Your job is to give again, exactly and with no additions, the lines in the records below from the one with "配有六根6mm鍍鎳銅熱管,從" through the one with "Ассортимент товаров в", both included. Omit the pictures.

===== DATA SUPPLIED =====

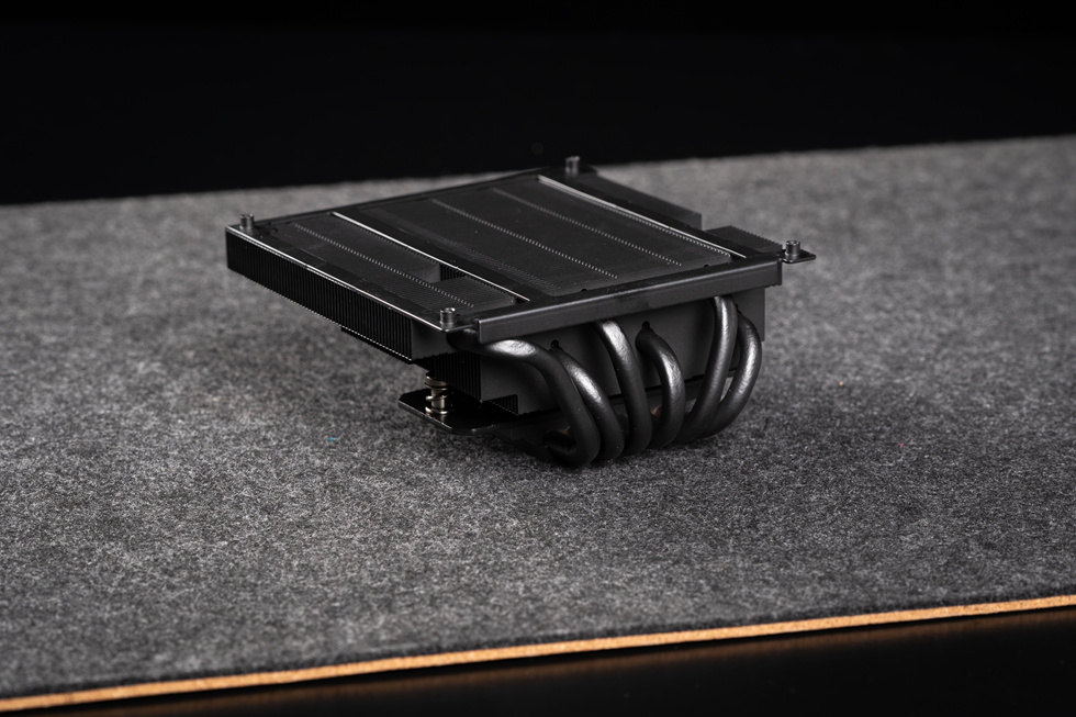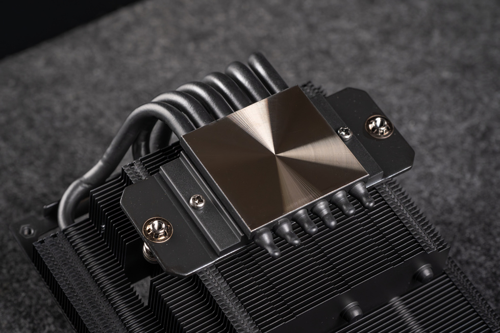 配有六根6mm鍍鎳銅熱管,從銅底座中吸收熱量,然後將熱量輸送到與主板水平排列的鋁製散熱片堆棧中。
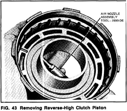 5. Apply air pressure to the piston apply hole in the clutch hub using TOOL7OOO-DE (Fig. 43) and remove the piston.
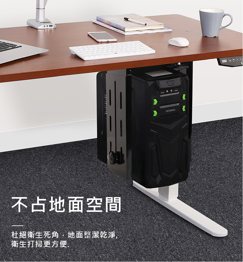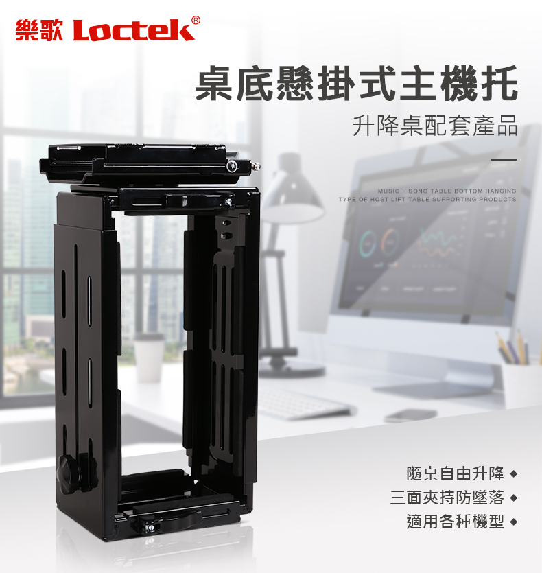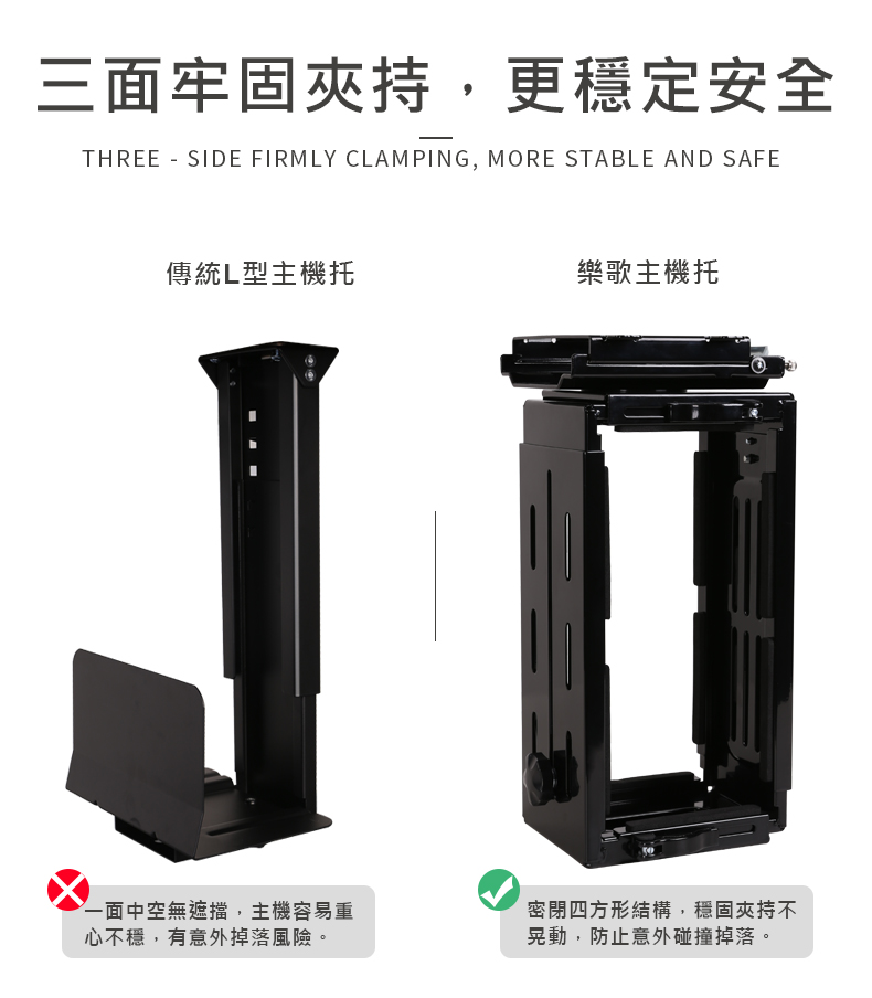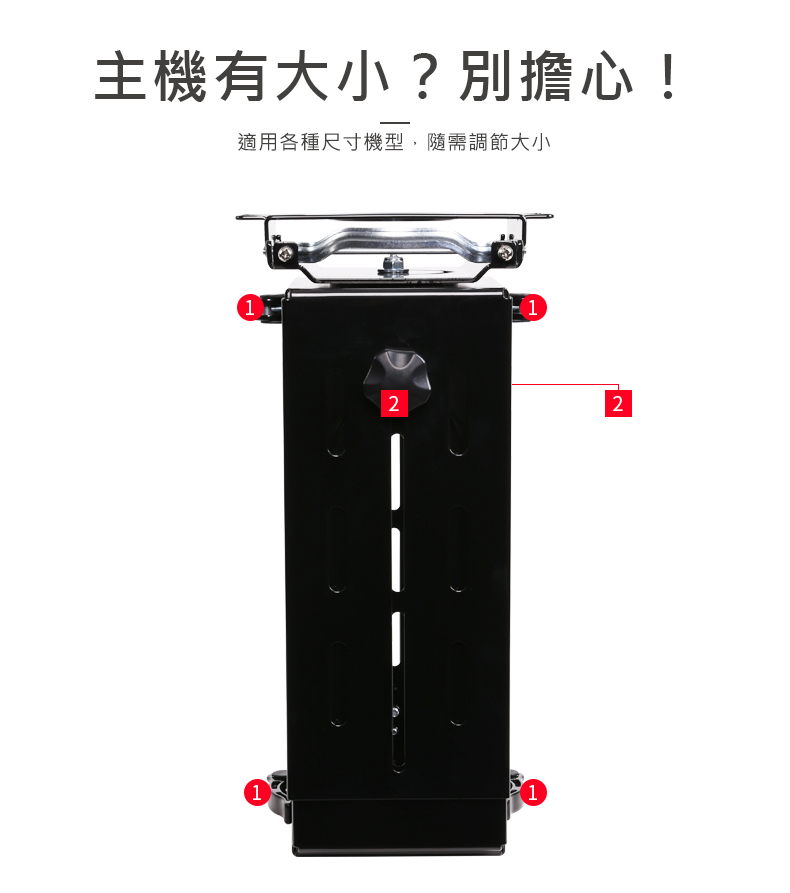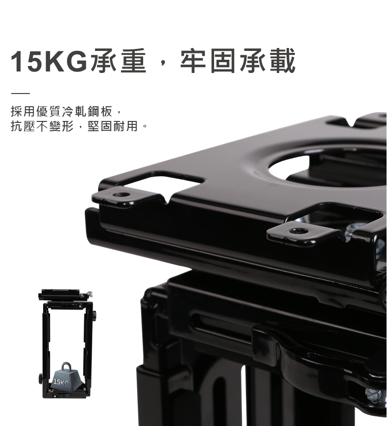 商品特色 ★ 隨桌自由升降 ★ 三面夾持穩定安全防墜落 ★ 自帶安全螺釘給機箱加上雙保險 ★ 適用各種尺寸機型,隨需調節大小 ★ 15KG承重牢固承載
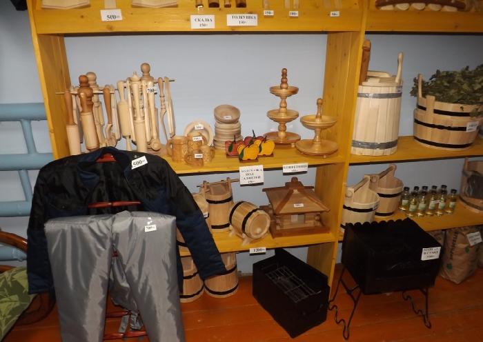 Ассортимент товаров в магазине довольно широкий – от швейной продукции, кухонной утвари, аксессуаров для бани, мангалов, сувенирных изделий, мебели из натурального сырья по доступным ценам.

=====
===== DATA SUPPLIED =====

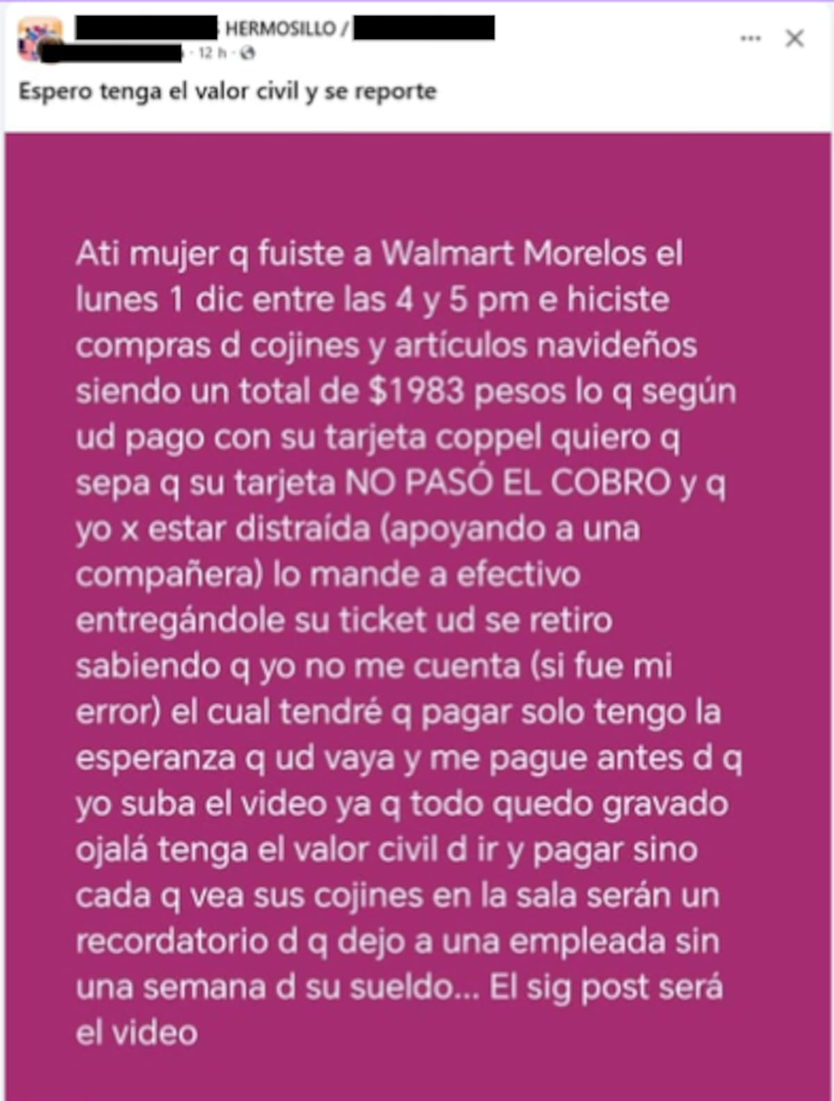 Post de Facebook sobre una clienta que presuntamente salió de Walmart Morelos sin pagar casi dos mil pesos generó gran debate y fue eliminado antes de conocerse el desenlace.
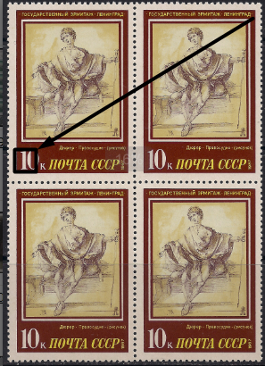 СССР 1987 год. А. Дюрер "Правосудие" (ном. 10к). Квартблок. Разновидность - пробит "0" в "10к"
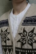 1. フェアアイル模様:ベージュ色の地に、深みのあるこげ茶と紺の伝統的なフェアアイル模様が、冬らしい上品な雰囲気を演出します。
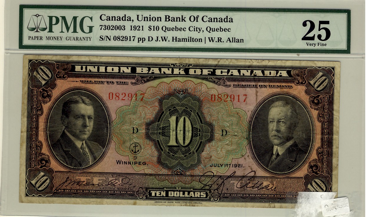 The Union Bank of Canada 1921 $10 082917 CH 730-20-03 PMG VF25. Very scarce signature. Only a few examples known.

=====
===== DATA SUPPLIED =====

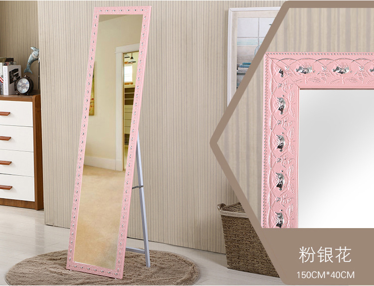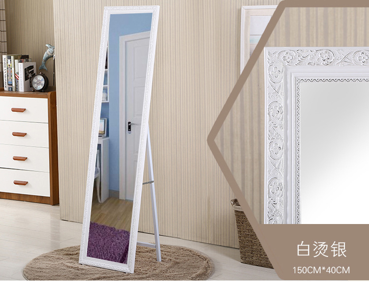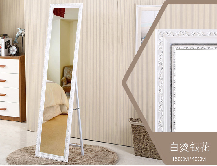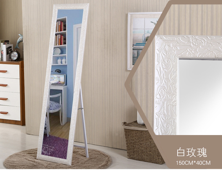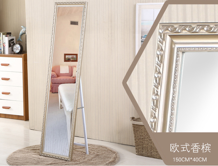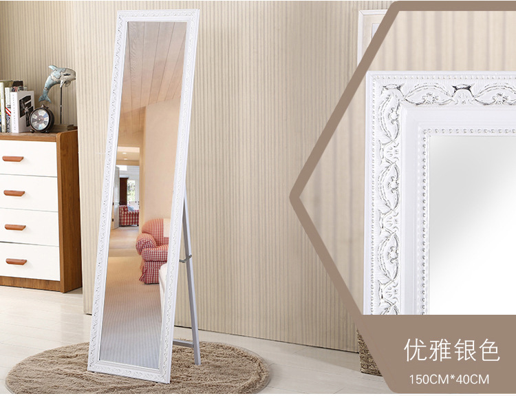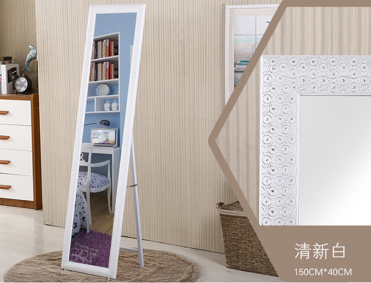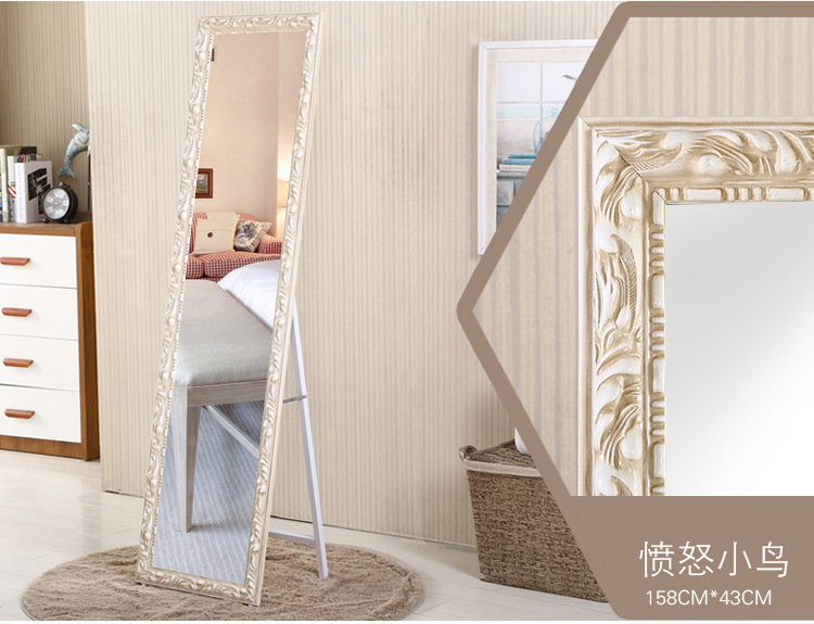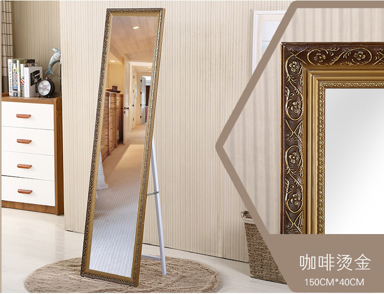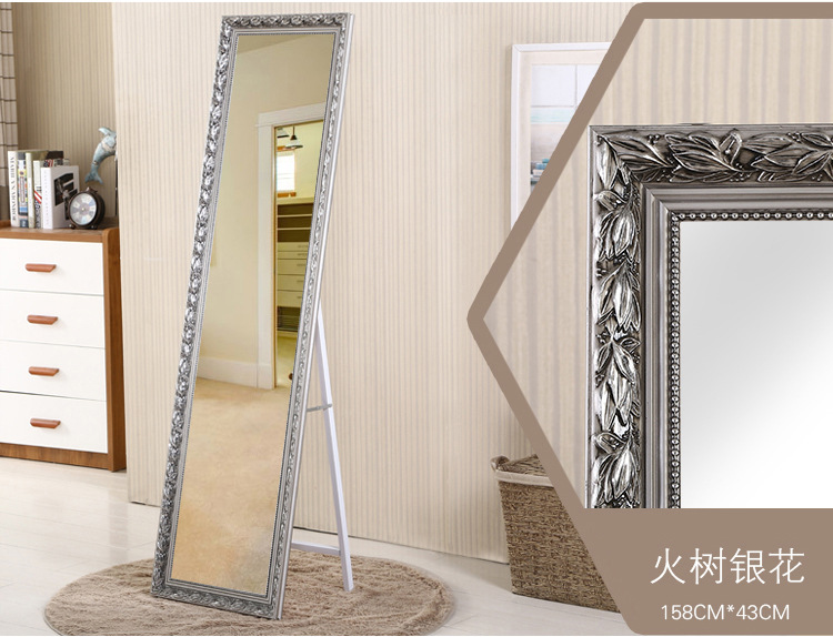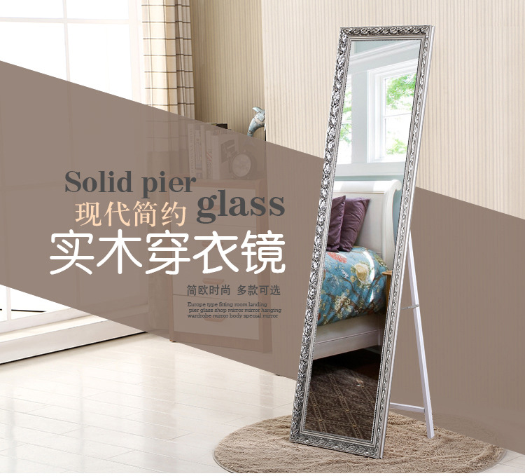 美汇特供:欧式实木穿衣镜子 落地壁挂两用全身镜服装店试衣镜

=====

* SOLVED PROBLEM
 配有六根6mm鍍鎳銅熱管,從銅底座中吸收熱量,然後將熱量輸送到與主板水平排列的鋁製散熱片堆棧中。
 5. Apply air pressure to the piston apply hole in the clutch hub using TOOL7OOO-DE (Fig. 43) and remove the piston.
 商品特色 ★ 隨桌自由升降 ★ 三面夾持穩定安全防墜落 ★ 自帶安全螺釘給機箱加上雙保險 ★ 適用各種尺寸機型,隨需調節大小 ★ 15KG承重牢固承載
 Ассортимент товаров в магазине довольно широкий – от швейной продукции, кухонной утвари, аксессуаров для бани, мангалов, сувенирных изделий, мебели из натурального сырья по доступным ценам.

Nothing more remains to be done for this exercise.